#### What you have to do
Word for word and without images, reproduce the listing that follows.

#### Source data

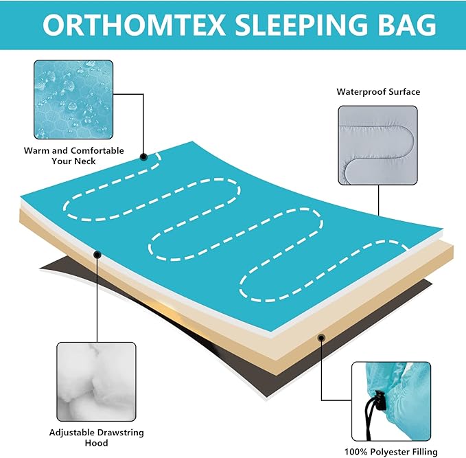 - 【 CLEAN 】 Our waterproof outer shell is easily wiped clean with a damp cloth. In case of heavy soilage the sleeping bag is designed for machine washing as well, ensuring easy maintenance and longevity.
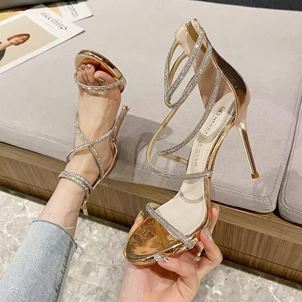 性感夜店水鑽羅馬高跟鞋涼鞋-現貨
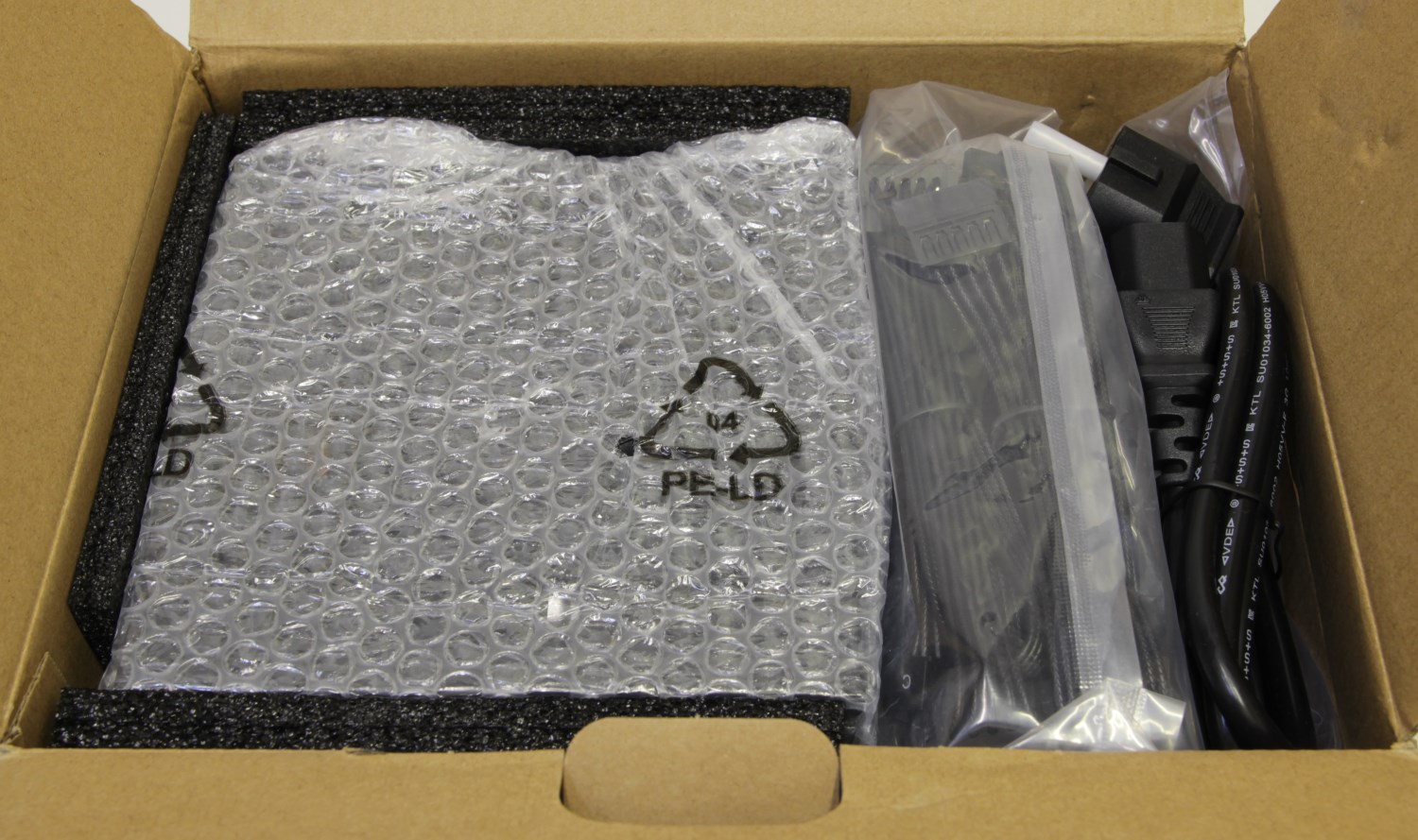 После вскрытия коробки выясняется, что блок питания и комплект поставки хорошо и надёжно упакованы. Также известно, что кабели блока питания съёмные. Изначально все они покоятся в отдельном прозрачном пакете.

#### Answer space
 - 【 CLEAN 】 Our waterproof outer shell is easily wiped clean with a damp cloth. In case of heavy soilage the sleeping bag is designed for machine washing as well, ensuring easy maintenance and longevity.
 性感夜店水鑽羅馬高跟鞋涼鞋-現貨
 После вскрытия коробки выясняется, что блок питания и комплект поставки хорошо и надёжно упакованы. Также известно, что кабели блока питания съёмные. Изначально все они покоятся в отдельном прозрачном пакете.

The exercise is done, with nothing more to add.